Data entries
____

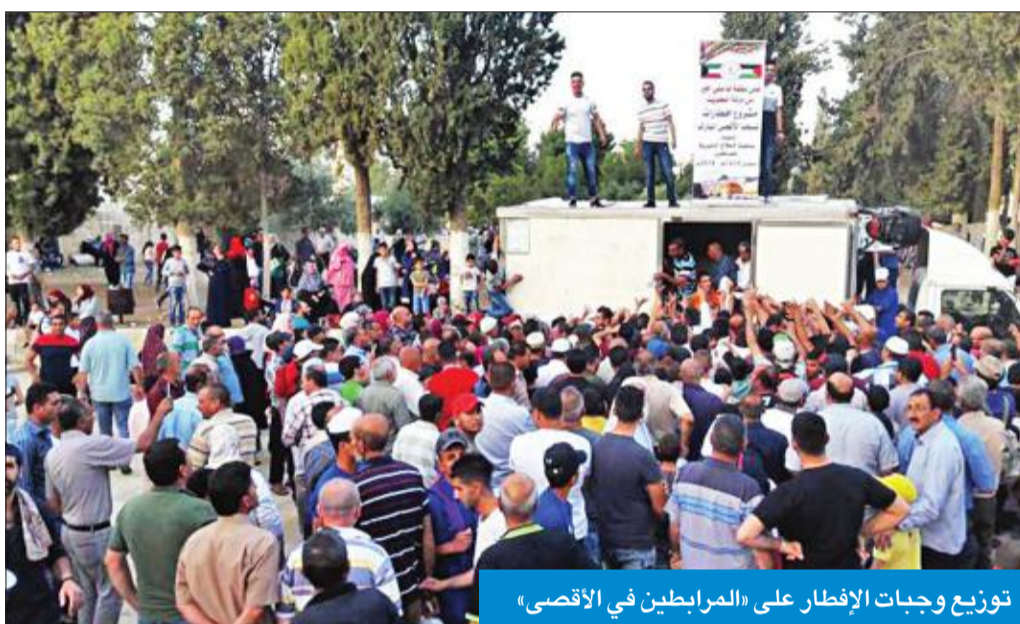
توزيع وجبات الإفطار على «المرابطين في الأقصى»
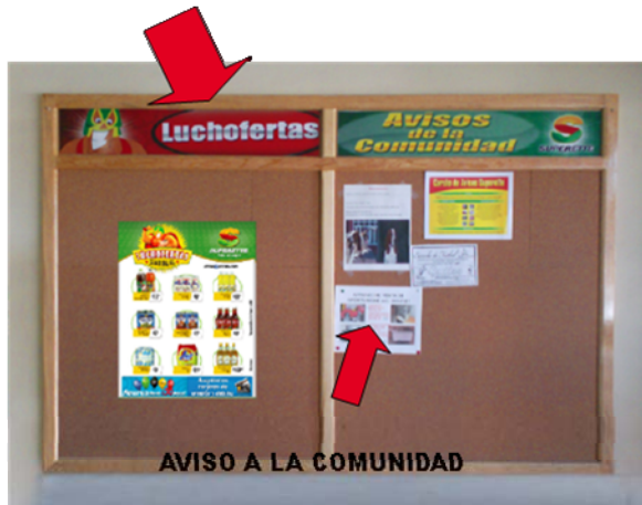
LUCHOFERTAS DE LA SEMANA
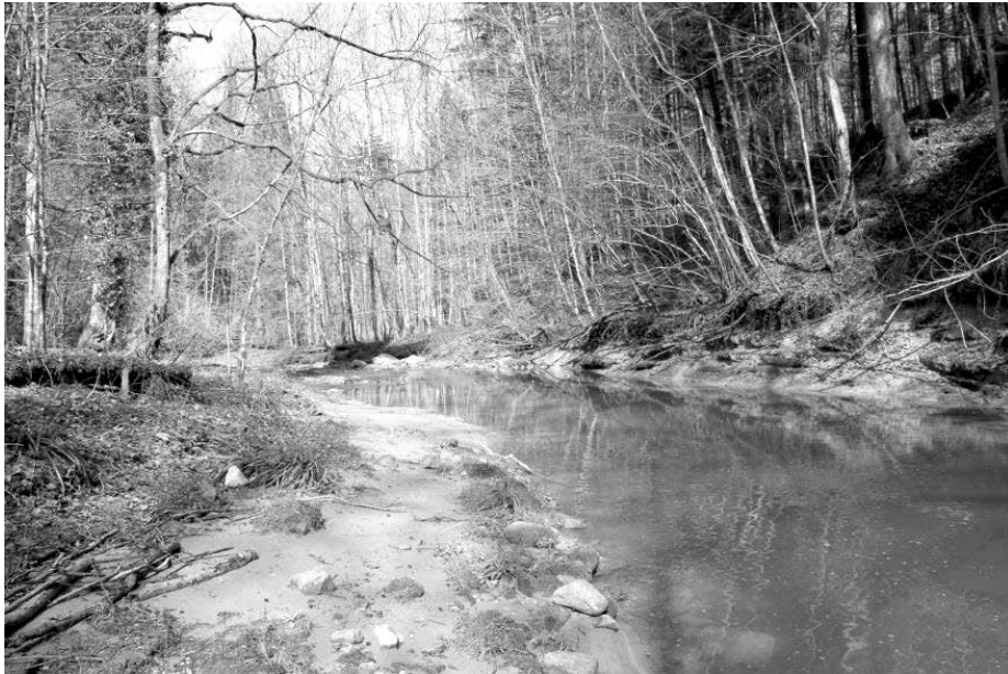
Steinach im mittleren Abschnitt, diese Idylle würde vernichtet.

Die Steinach fliesst ab der Lukasmühle offen und unverfälscht bis zur Einmündung in den Bodensee in Obersteinach. Bis im Juni 2014 haben die ‚gereinigten‘ Abwasser der ARA Hofen in Wittenbach das Gewässer in einen stinkenden Bach verwandelt. Sogar die Fische haben den üblen Geruch angenommen. Das ist zum Glück heute nicht mehr der Fall. Aus der Presse konnten wir kürzlich entnehmen, dass sich das Gewässer wieder mit Leben füllt, seit sich dank der separaten Führung des gereinigten Schmutzwassers in den Bodensee die Wasserqualität stark verbessert hat. Es wurden erstmals Steinfliegenlarven in der Steinach entdeckt, welche nur in sauberem Wasser überleben können. Das Flüsschen ist neben dem Alpenrhein der wichtigste Laichplatz für Seeforellen am Bodensee. Jährlich steigen 350 bis 550 dieser grossen Fische stromaufwärts zu den Laichplätzen.
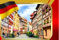
เที่ยวย่านเมืองเก่าบูเรมเบิร์ก
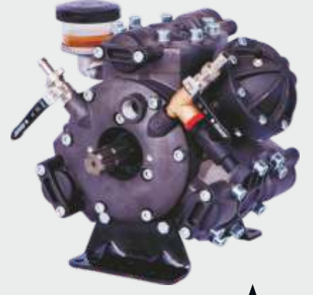
COMET APS 121 ▲
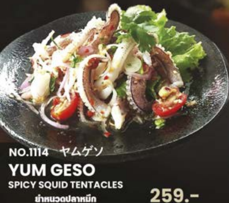
NO.1114 ヤムゲソ YUM GESO SPICY SQUID TENTACLES ยำทวดปลาหมึก 259.-
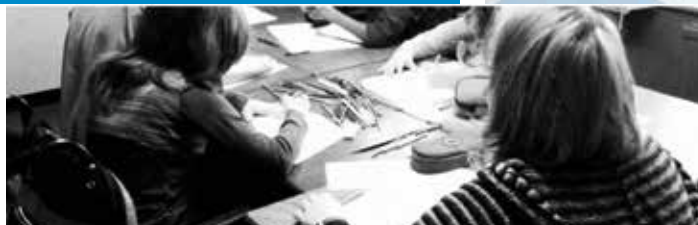
Atelier « Mind Mapping », cours de Religion catholique, IPESS de Micheroux.

Depuis 3 ans, l'Institut provincial d'Enseignement secondaire spécialisé de Micheroux (IPESS Micheroux) propose une nouvelle méthode d'intégration pédagogique pour ses élèves, le Mind mapping.
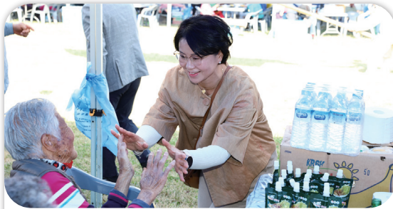
백아면민의 날 기념 화합 한마당 및 경로위안잔치
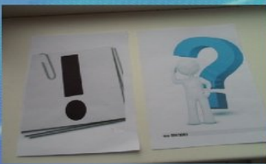
Подумать и вспомнить
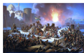
«Штурм Очакова». Художник Я. Суходольский, 1853 г.

Эполеты — разновидность погон, наплечные знаки различия военных чинов и воинского звания на военной форме.
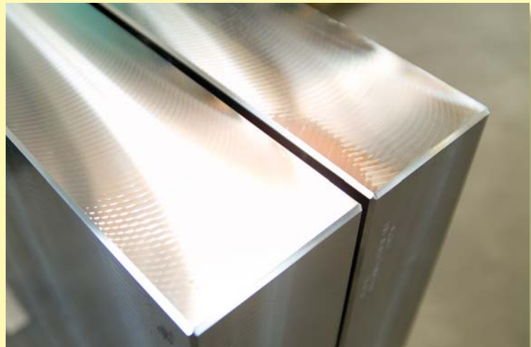
Erstklassige Oberflächen feinstgefräst
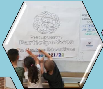
Preparando el cartel
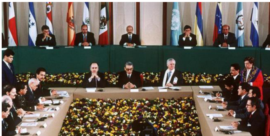
La Comisión de Derechos Humanos de El Salvador (CDHES) considera importante recordar y conmemorar los Acuerdos de Paz, que marcaron la historia del país y puso fin al conflicto armado.

La CIDHES consideró necesario seguir luchando, para que los acuerdos aún pendientes se cumplan, así como instituciones surgidas no se desnaturalicen de
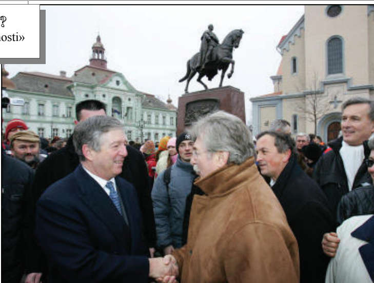
Крон-Принц Александр II на открытии памятника Королю Петру I Освободителю
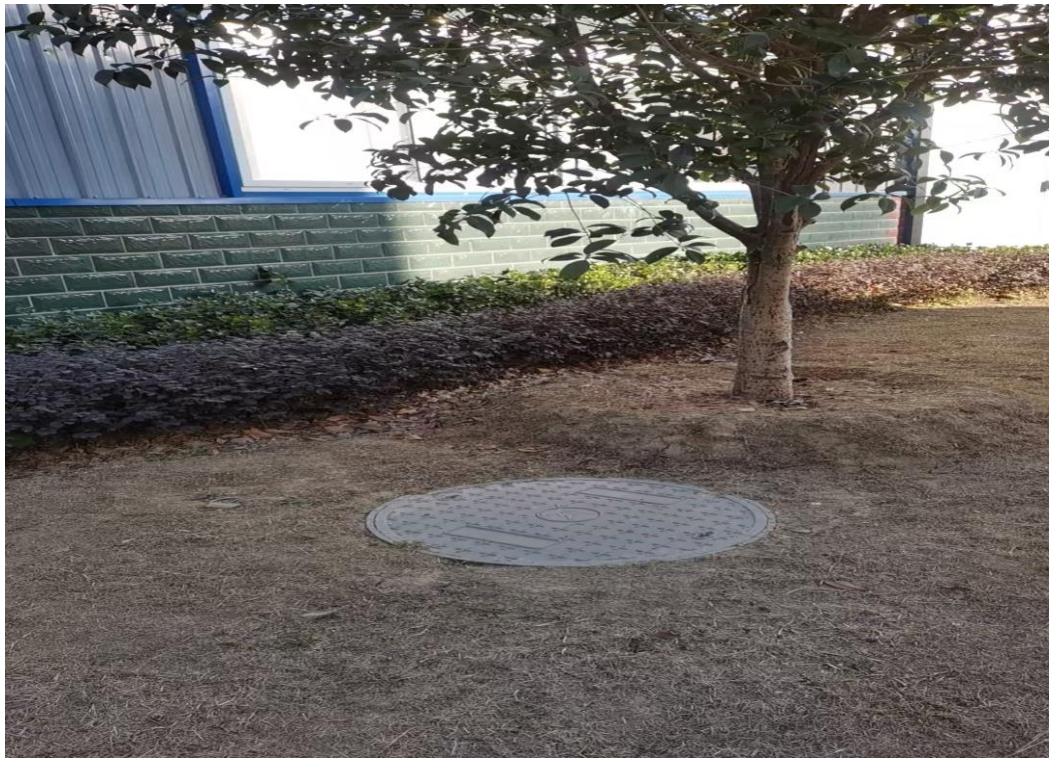
绿化（乔木和播撒草籽）
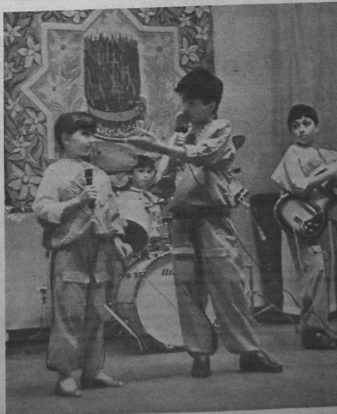
Эти снимки сделаны в Доме культуры ИБНЗ имени

В заключение — праздничные и дружбы юные ленинцы смотрели мультипликационные фильмы. Этот день надолго запомнится ребятам.
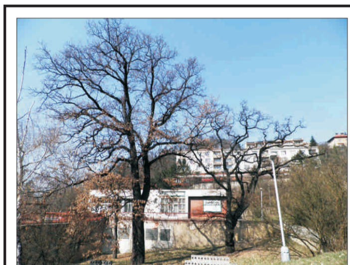
Duby v ulici Mezivrší p. 3, o. 237-324 cm, v. 21-26 m
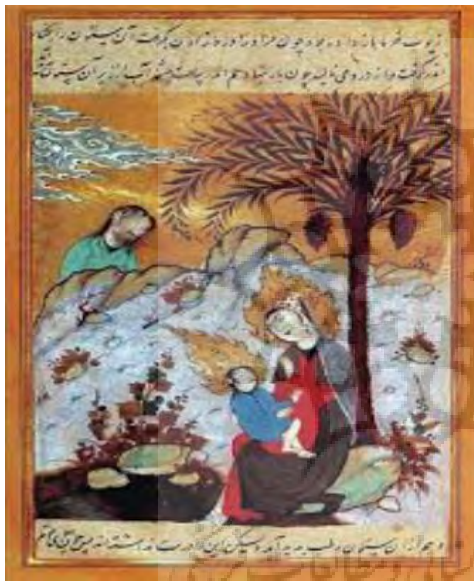
تصویر ۸. نگاره حضرت مریم و عیسی، قصص الانبیاء، دوره صفوی.

زیبا در مقابل فرشته الهی به تصویر کشیده است (تصویر ۷). بلقیس در کنار سلیمان بر روی تخت و همه افراد با پوشش صفوی در یک ترکیب‌بندی زیبا و دیگر افراد حاضر در فرمی دایره‌وار، قرار دارند. ترکیب‌بندی دیوارهای رنگین و منقوش عمارت، طبیعت زیبا و دل‌انگیز خداوند و نقوش طلایی حاشیه تصویر، از جمله ویژگی‌های زیبایی نگاره‌های دوره صفوی است، که در این اثر به‌خوبی دیده می‌شود. این نگاره، گویی مجلسی است که به بعد از حکایت ایمان آوردن بلقیس و ازدواج او با سلیمان (ع) مربوط می‌باشد. وجود یک جفت سرو بلند در پشت بارگاه و تخت سلیمان و بلقیس را می‌توان نمادی از زوجیت و پیوند میان آن‌ها دانست. این بار چهره نبی خدا، همچون برخی از نگاره‌ها در نسخه‌های مذهبی دوره صفوی، پوشیده شده است. بارگاه و تختی باشکوه، در کنار فرشته‌ای الهی، دیوی در پشت عمارت و دیگر پرندگان، تأکیدی بر داستان سلیمان و حضور همیشگی همه آن‌ها در بارگاه ایشان دارد.
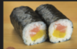
トロたく巻 680円(税込748円)
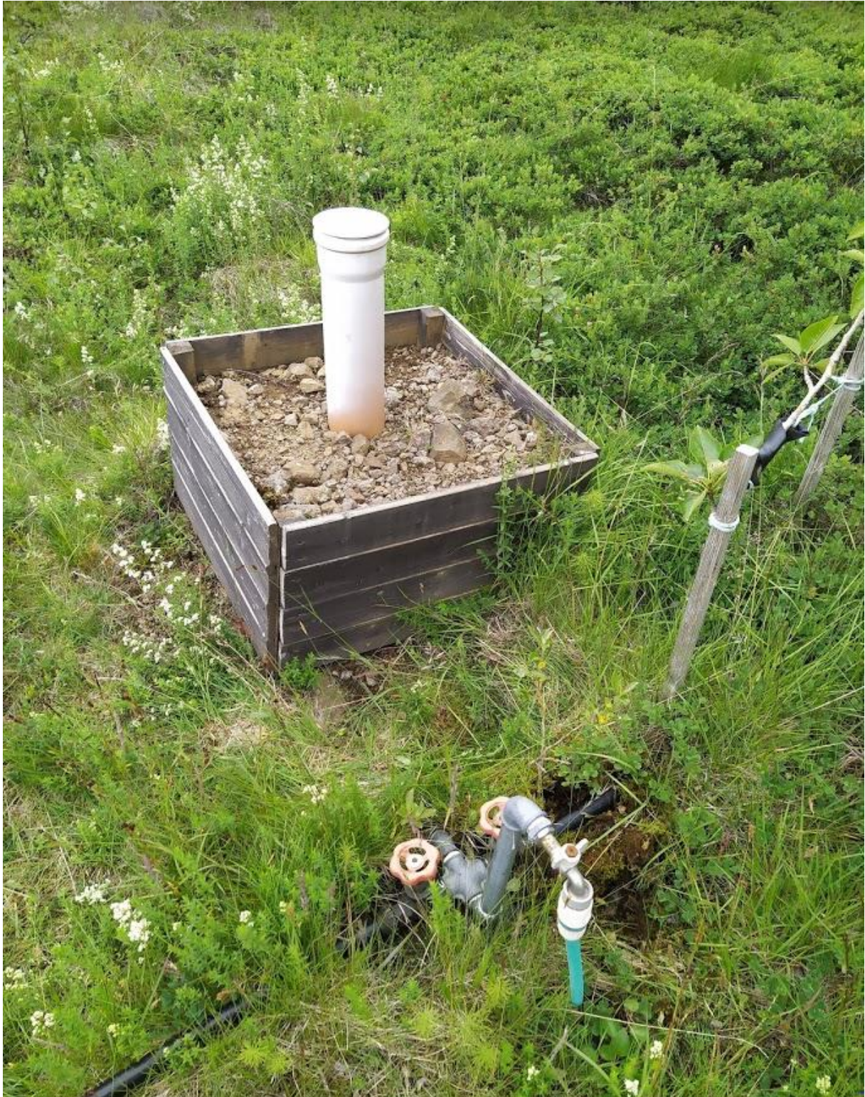
Mynd 3. Loki A-5 ofarlega í lóð #23. Lokinn er niðurgrafinn en lögnin tekin upp og liggur meira og minna ofanjarðar að húsum #22 og #23.
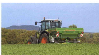
■ Abonadora ZA-M Ultra, hasta 52 m de anchura
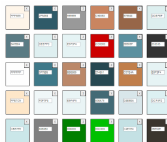
Gambar 6. Hasil ekstrak warna www.ntu.edu.tw

National Taiwan University yang memiliki motto “Pelihara Moral, Majukan Kecerdasan; Cintai Negerimu, Cintai Rakyatmu”, alamat website http://www.ntu.edu.tw , setelah proses ekstrak warna didapatkan warna dengan background putih dan dengan 30 kombinasi seperti gambar berikut:
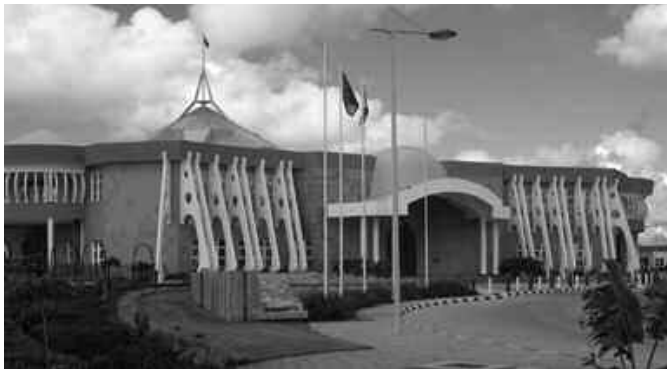
Parlament in Dodoma

Gemeinschaft ostafrikanischer Länder. Nach deren Ende brauchte es viele Jahre, um die Aktiva und Passiva untereinander aufzuteilen. Im Westen Tansanias liegen Burundi und Ruanda, zwei Länder mit einer traurigen Geschichte. In beiden Ländern streiten sich Hutu und Tutsi um die Vorherrschaft. Im Frühjahr 1973 – nach 342 Stammesmassakern – waren die politischen Beziehungen mit Burundi sehr gespannt. Die Massaker trieben viele Menschen aus dem Land, ließen sie in Massen in Tansania Zuflucht suchen und führten an der Grenze zu offenen Kämpfen zwischen tansanischen und burundischen Truppen. Weitere Flüchtlingsströme kamen nach dem Genozid in Ruanda (1994) und dem Bürgerkrieg im damaligen Zaire (1996) ins Land. Inzwischen herrscht Frieden, und die Zeit ließ die Wunden verheilen. Deshalb wurden 1983 die Grenzen zu Kenia wieder geöffnet. Die politischen und wirtschaftlichen Beziehungen mit Uganda haben sich unter der Präsidentschaft des seit Januar 1986 amtierenden Yoweri Kaguta Museveni verbessert. Die Gemeinschaft ostafrikanischer Länder ist teilweise zu neuem Leben erwacht. Ihr parlamentarischer Sitz und ihre Zentrale befinden sich im tansanischen Arusha. Darüber hinaus träumen die drei Staaten jetzt von einer ostafrikanischen Föderation, die für das Jahr 2015 geplant ist.

____

**WHAT THE EXERCISE ASKS**. Look above for the line with "COMET APS 121 ▲" and the line with "Подумать и вспомнить", then copy exactly the lines from the first through the second, both kept, with no pictures.

**TASK ANSWER**.
COMET APS 121 ▲
NO.1114 ヤムゲソ YUM GESO SPICY SQUID TENTACLES ยำทวดปลาหมึก 259.-
Atelier « Mind Mapping », cours de Religion catholique, IPESS de Micheroux.

Depuis 3 ans, l'Institut provincial d'Enseignement secondaire spécialisé de Micheroux (IPESS Micheroux) propose une nouvelle méthode d'intégration pédagogique pour ses élèves, le Mind mapping.
백아면민의 날 기념 화합 한마당 및 경로위안잔치
Подумать и вспомнить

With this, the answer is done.